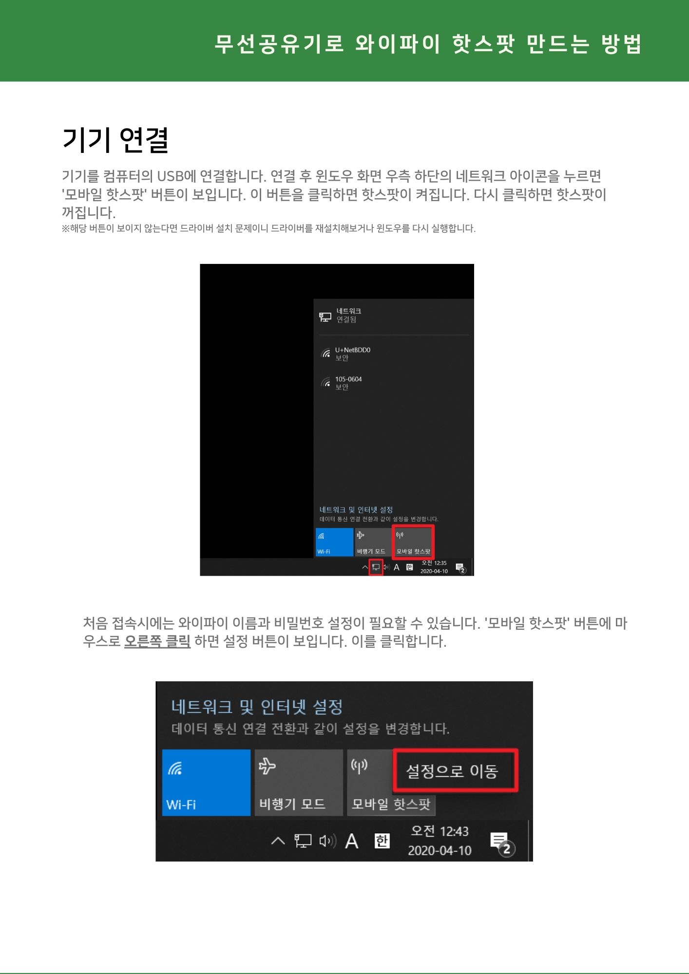 다운로드 받은 드라이버 파일 실행(설치) -> 모바일 핫스팟 버튼 누르기(처음 사용시 설정 필요)가 핫스팟 만들기의 끝입니다.
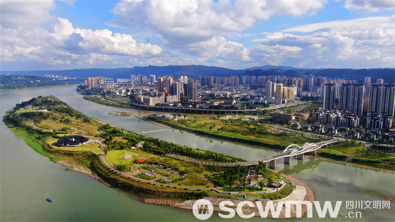 长江竹岛(近)与江安县城(远)。江安县文明办供图
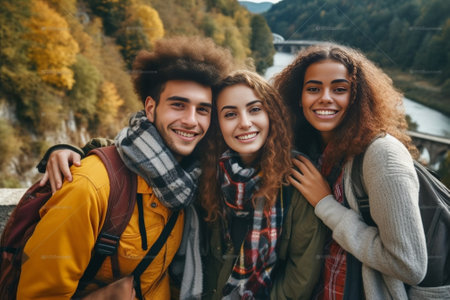 Generative AI : Two friends are taking a photograph outdoor
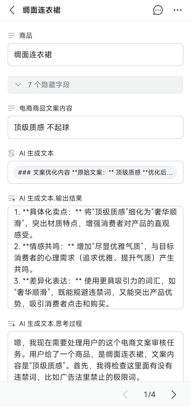 现在,我们用钉钉AI表格的“电商内容违禁词自检”模板,流程完全变了样。

▸ Exercise requirements: Please repeat everything in the data above except the pictures, exactly as it reads.

▸ Task result:
 다운로드 받은 드라이버 파일 실행(설치) -> 모바일 핫스팟 버튼 누르기(처음 사용시 설정 필요)가 핫스팟 만들기의 끝입니다.
 长江竹岛(近)与江安县城(远)。江安县文明办供图
 Generative AI : Two friends are taking a photograph outdoor
 现在,我们用钉钉AI表格的“电商内容违禁词自检”模板,流程完全变了样。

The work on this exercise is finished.